(Records excerpted from a collection)
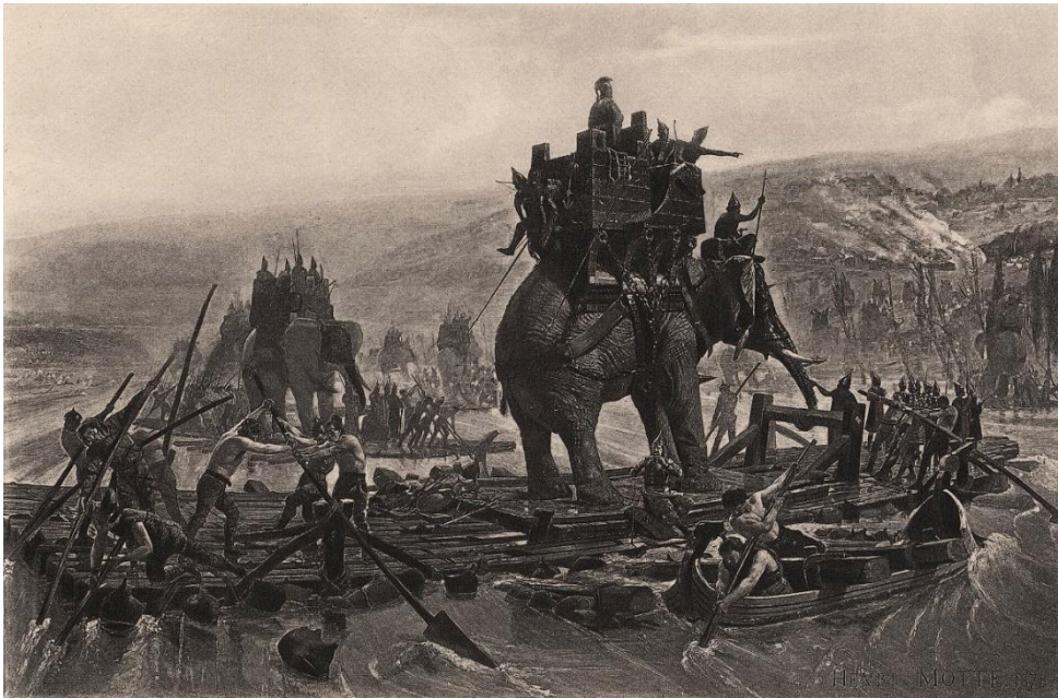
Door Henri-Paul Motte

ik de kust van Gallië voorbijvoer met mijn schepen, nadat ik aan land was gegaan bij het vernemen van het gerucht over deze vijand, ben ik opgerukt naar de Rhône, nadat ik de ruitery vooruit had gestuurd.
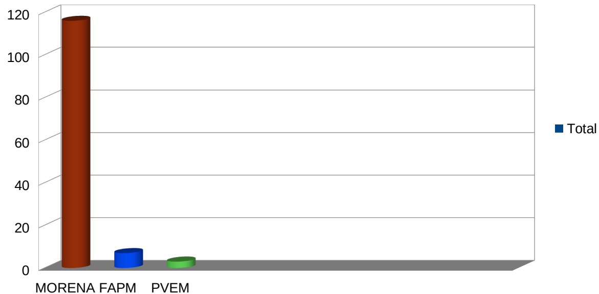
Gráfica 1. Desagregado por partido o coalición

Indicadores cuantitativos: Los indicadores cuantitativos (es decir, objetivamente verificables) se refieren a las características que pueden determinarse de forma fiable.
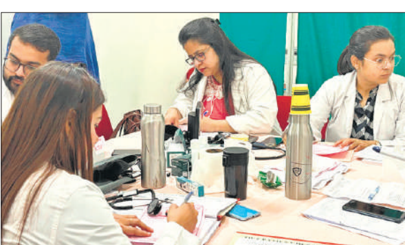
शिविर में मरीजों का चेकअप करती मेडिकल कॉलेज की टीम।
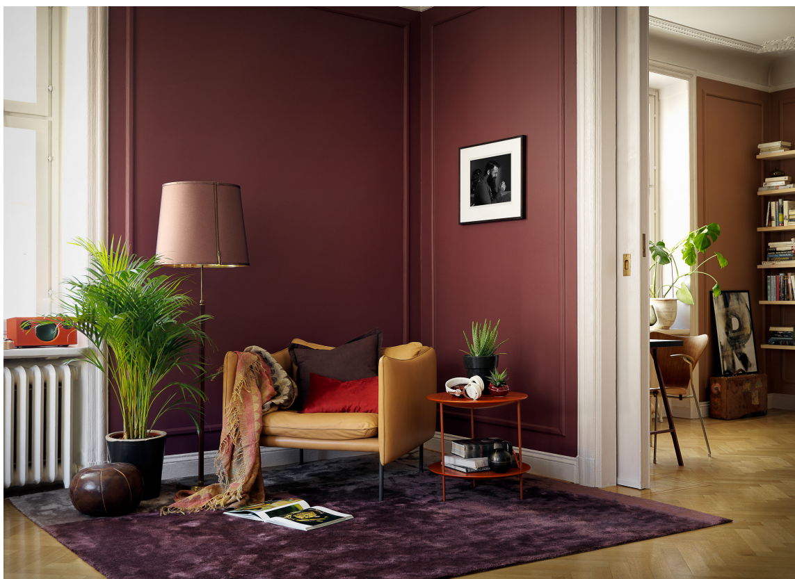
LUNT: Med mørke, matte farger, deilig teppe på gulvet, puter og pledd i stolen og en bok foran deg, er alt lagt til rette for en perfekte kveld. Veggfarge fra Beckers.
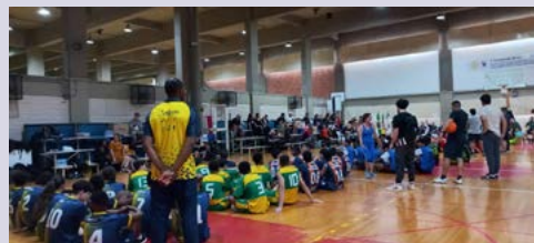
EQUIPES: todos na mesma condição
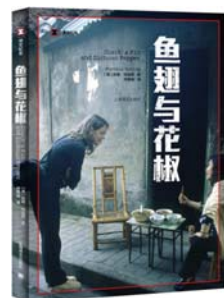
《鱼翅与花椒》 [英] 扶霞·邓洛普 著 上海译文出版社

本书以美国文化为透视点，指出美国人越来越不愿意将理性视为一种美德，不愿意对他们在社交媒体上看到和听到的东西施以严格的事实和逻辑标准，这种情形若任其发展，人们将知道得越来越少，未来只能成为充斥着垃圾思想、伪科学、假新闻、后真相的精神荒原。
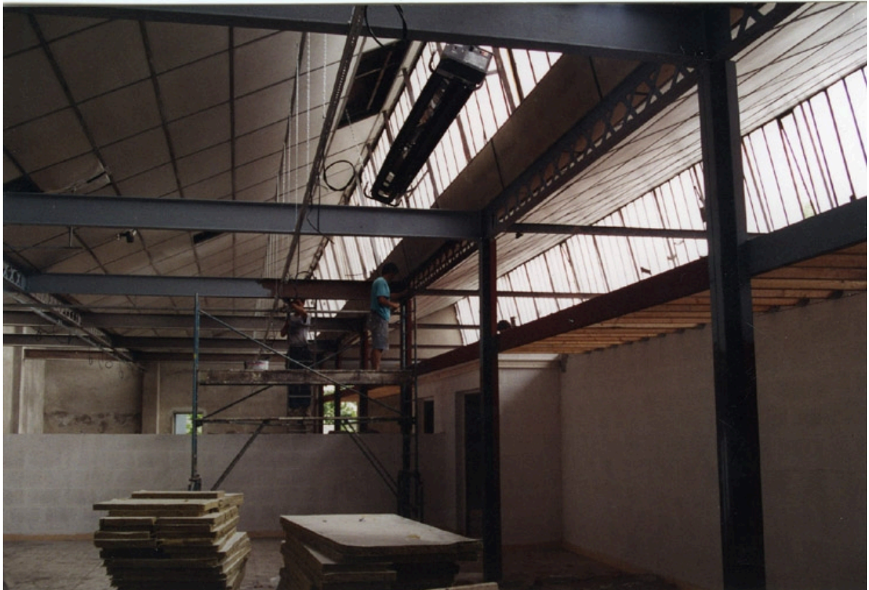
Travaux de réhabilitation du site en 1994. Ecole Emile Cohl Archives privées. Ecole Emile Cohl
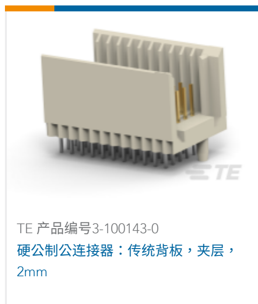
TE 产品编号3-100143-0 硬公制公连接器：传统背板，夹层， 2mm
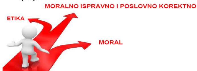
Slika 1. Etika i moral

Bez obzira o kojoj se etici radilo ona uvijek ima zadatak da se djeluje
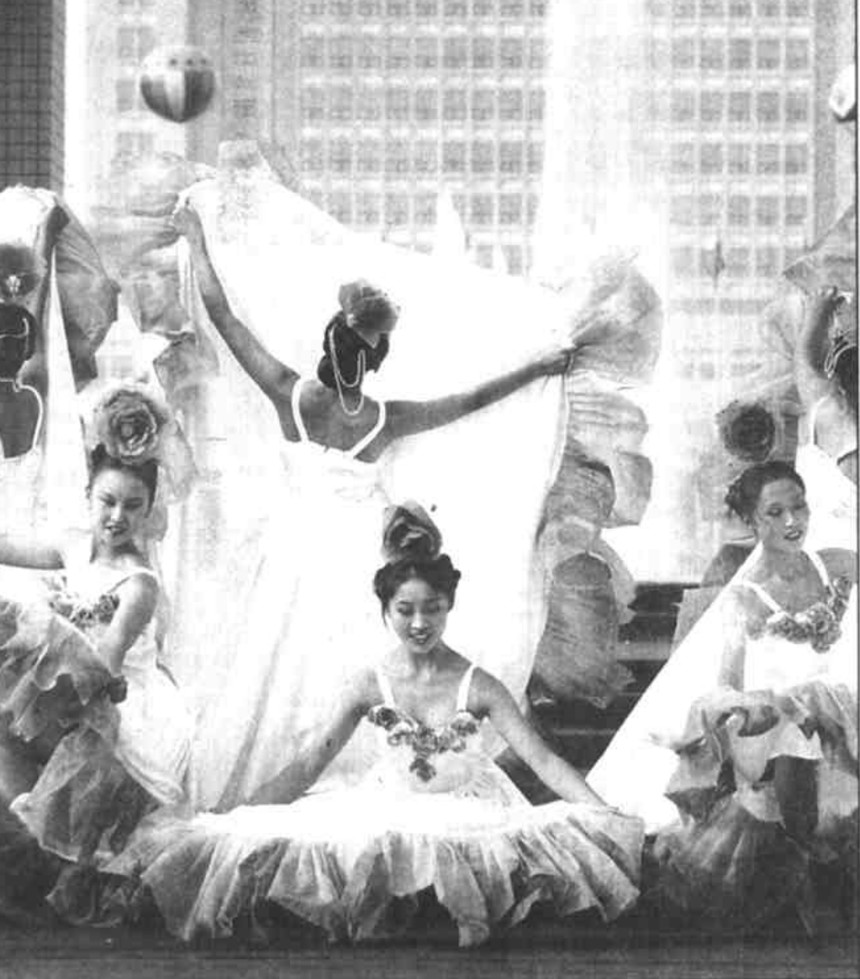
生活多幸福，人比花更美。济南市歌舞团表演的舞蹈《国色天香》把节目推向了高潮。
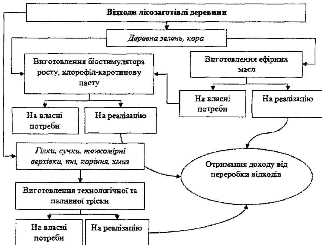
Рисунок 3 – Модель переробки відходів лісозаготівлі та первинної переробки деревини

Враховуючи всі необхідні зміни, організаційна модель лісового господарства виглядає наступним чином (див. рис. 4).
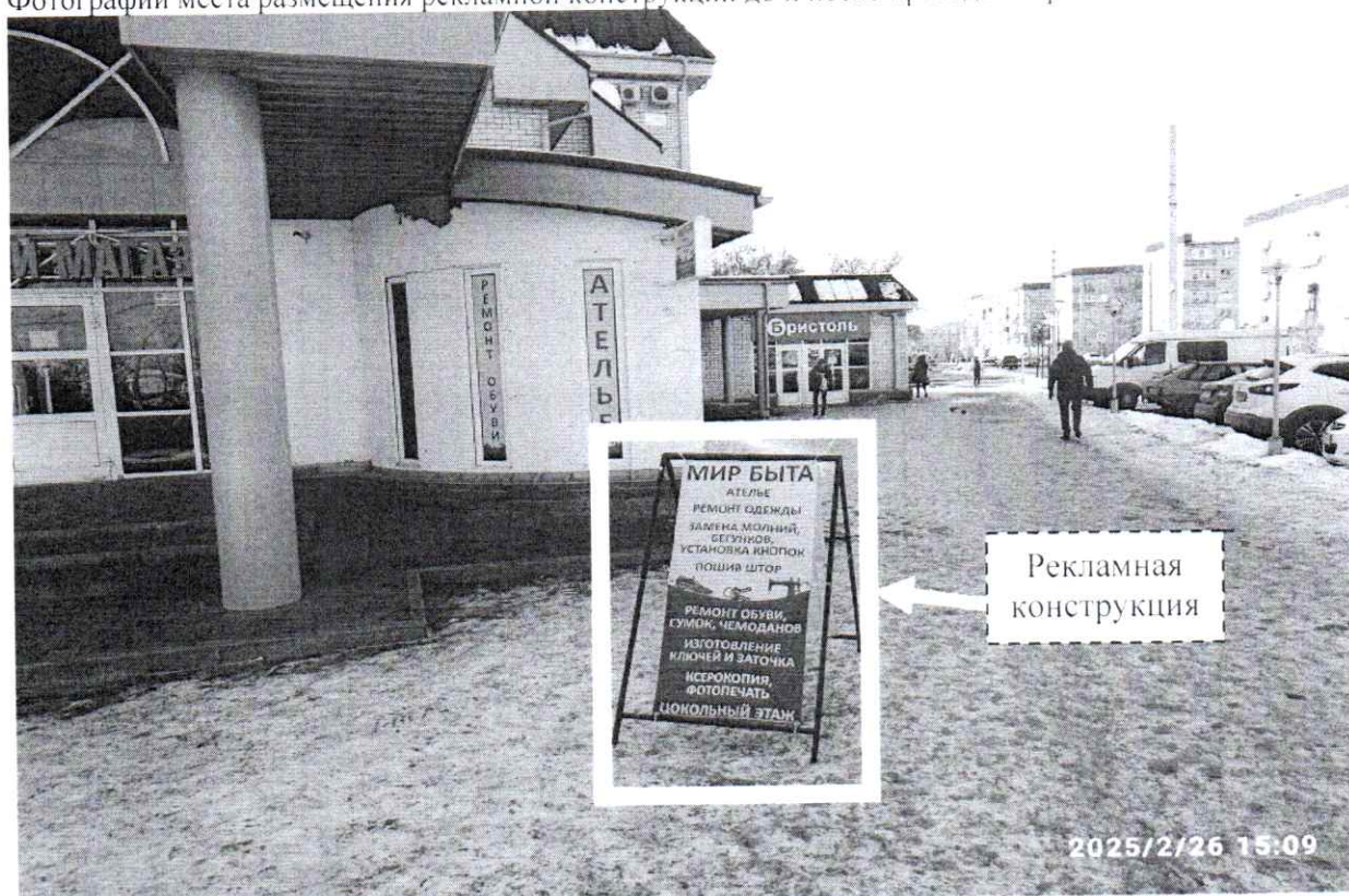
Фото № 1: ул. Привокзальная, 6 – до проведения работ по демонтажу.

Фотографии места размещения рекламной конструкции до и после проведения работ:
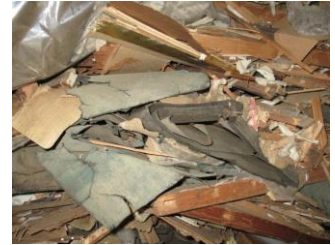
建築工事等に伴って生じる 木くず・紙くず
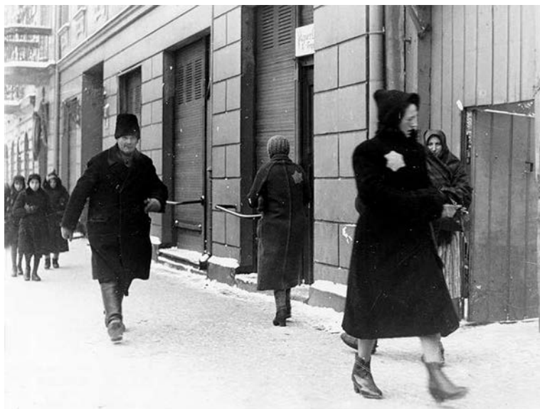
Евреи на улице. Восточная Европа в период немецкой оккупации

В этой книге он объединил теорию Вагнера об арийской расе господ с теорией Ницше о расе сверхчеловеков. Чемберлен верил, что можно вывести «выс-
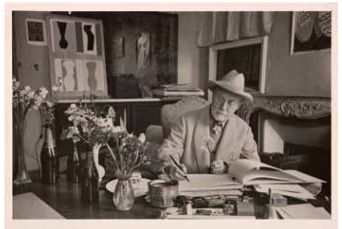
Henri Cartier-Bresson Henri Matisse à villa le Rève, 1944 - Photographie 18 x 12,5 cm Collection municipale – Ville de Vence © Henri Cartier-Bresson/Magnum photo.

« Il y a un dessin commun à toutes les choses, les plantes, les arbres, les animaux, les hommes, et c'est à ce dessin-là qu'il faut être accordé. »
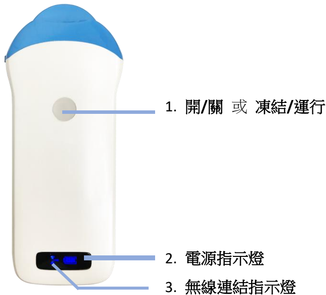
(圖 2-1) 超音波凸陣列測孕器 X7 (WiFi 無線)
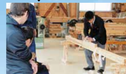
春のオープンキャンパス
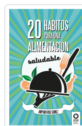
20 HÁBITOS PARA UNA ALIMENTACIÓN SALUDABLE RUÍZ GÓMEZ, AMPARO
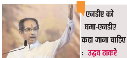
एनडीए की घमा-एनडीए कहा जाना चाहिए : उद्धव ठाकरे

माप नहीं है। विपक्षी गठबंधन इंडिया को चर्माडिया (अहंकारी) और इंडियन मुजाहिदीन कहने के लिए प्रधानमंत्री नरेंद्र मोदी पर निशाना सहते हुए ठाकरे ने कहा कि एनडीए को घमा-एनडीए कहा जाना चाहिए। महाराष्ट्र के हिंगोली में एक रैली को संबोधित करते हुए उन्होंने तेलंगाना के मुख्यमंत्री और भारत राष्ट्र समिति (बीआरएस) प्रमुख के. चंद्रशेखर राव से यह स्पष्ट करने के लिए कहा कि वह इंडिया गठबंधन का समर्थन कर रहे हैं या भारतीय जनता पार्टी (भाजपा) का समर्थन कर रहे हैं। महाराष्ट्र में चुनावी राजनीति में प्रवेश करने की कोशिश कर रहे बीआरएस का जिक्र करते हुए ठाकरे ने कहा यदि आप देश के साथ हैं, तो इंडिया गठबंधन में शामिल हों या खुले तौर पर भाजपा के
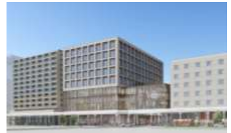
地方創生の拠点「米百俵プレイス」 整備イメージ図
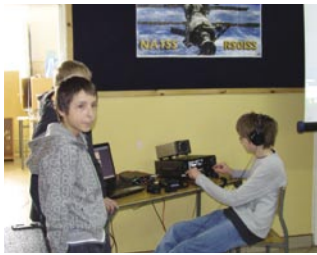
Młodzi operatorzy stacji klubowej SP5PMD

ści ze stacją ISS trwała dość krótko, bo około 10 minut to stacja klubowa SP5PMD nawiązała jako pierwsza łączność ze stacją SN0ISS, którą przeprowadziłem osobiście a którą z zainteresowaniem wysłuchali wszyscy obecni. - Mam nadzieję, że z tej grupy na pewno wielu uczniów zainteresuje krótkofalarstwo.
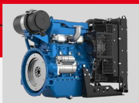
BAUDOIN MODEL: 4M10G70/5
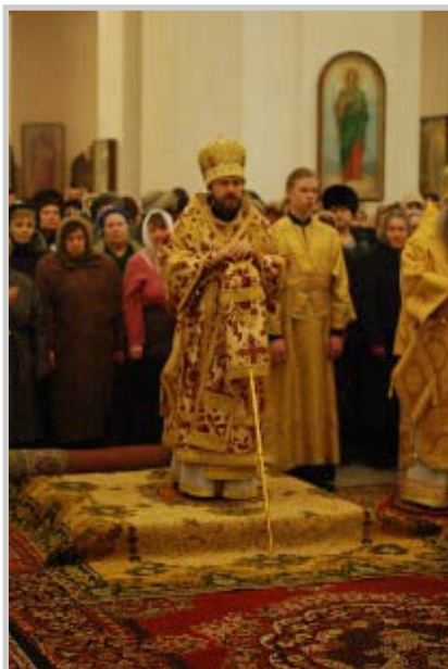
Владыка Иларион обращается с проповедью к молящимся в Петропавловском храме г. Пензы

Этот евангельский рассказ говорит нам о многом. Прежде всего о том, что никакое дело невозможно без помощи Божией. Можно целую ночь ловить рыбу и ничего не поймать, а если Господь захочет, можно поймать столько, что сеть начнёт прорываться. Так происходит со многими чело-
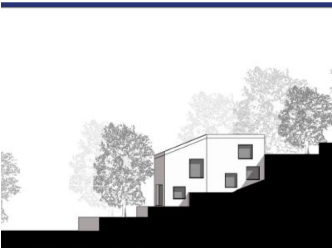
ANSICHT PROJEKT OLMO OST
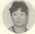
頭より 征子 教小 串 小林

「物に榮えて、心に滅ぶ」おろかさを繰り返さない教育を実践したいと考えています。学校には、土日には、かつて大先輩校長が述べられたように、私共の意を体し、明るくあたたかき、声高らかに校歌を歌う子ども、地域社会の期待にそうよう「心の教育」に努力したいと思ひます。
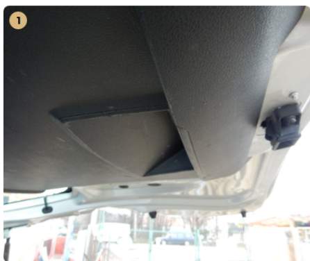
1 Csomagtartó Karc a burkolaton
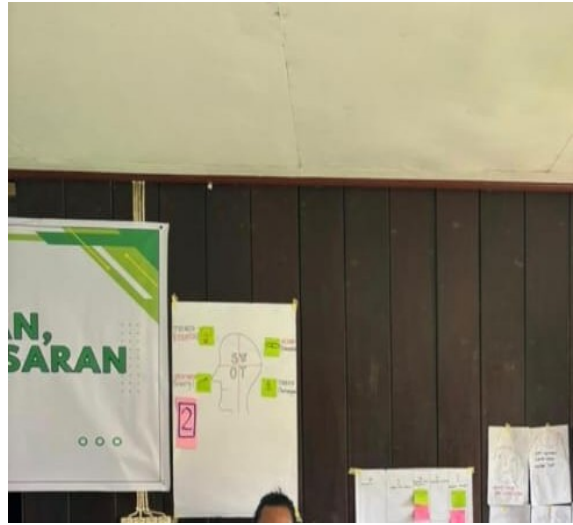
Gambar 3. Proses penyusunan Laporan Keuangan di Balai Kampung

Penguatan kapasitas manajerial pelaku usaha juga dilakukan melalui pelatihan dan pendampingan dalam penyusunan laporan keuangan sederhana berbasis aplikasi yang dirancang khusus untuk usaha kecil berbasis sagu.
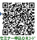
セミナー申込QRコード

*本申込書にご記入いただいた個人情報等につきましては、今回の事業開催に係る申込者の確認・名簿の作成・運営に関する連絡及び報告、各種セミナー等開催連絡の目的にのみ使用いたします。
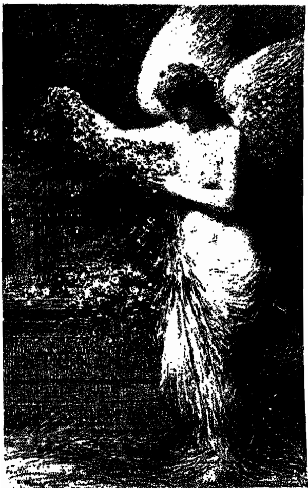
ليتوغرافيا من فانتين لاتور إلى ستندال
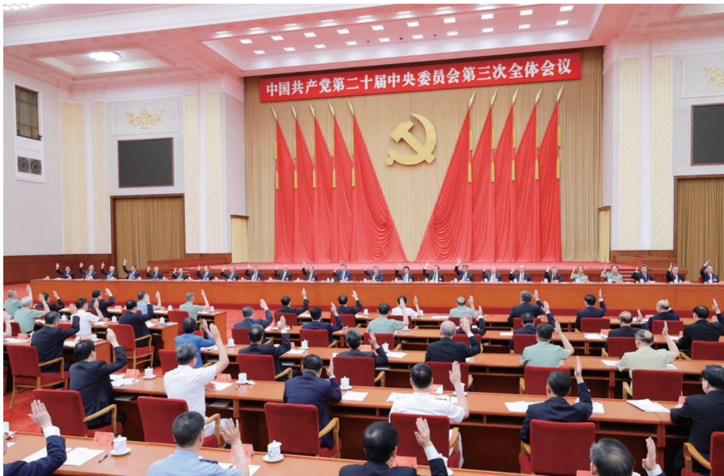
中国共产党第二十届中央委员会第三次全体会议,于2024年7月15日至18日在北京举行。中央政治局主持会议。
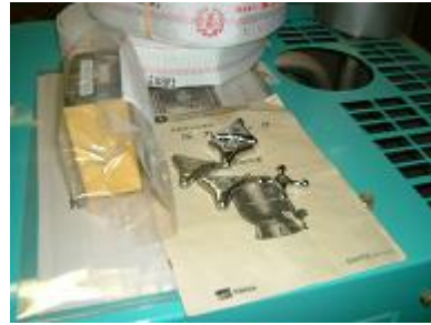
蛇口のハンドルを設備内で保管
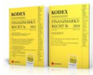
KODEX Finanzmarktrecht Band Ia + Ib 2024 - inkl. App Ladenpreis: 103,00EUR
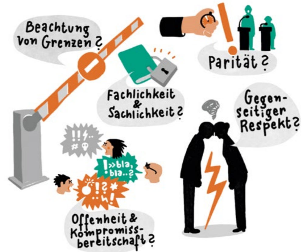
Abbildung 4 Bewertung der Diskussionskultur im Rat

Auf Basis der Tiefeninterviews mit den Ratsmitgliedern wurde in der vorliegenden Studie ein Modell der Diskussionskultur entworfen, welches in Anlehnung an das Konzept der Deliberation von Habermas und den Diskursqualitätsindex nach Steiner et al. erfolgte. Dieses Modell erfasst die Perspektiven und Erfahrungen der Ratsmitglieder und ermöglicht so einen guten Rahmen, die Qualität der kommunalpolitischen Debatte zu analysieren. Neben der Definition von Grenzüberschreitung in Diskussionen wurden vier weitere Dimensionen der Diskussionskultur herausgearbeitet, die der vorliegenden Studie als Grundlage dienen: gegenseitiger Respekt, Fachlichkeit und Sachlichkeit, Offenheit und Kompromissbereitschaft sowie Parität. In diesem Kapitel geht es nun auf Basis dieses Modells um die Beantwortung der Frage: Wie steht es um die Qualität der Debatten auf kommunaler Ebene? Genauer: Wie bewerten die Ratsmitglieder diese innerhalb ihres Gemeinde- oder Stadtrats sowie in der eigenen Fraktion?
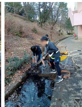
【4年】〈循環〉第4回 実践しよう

Task to carry out:
Through the line containing "EQUIPES: todos na mesma condição" and no further, restate the data above word for word from its first line, leaving out pictures.

Answer section:
Door Henri-Paul Motte

ik de kust van Gallië voorbijvoer met mijn schepen, nadat ik aan land was gegaan bij het vernemen van het gerucht over deze vijand, ben ik opgerukt naar de Rhône, nadat ik de ruitery vooruit had gestuurd.
Gráfica 1. Desagregado por partido o coalición

Indicadores cuantitativos: Los indicadores cuantitativos (es decir, objetivamente verificables) se refieren a las características que pueden determinarse de forma fiable.
शिविर में मरीजों का चेकअप करती मेडिकल कॉलेज की टीम।
LUNT: Med mørke, matte farger, deilig teppe på gulvet, puter og pledd i stolen og en bok foran deg, er alt lagt til rette for en perfekte kveld. Veggfarge fra Beckers.
EQUIPES: todos na mesma condição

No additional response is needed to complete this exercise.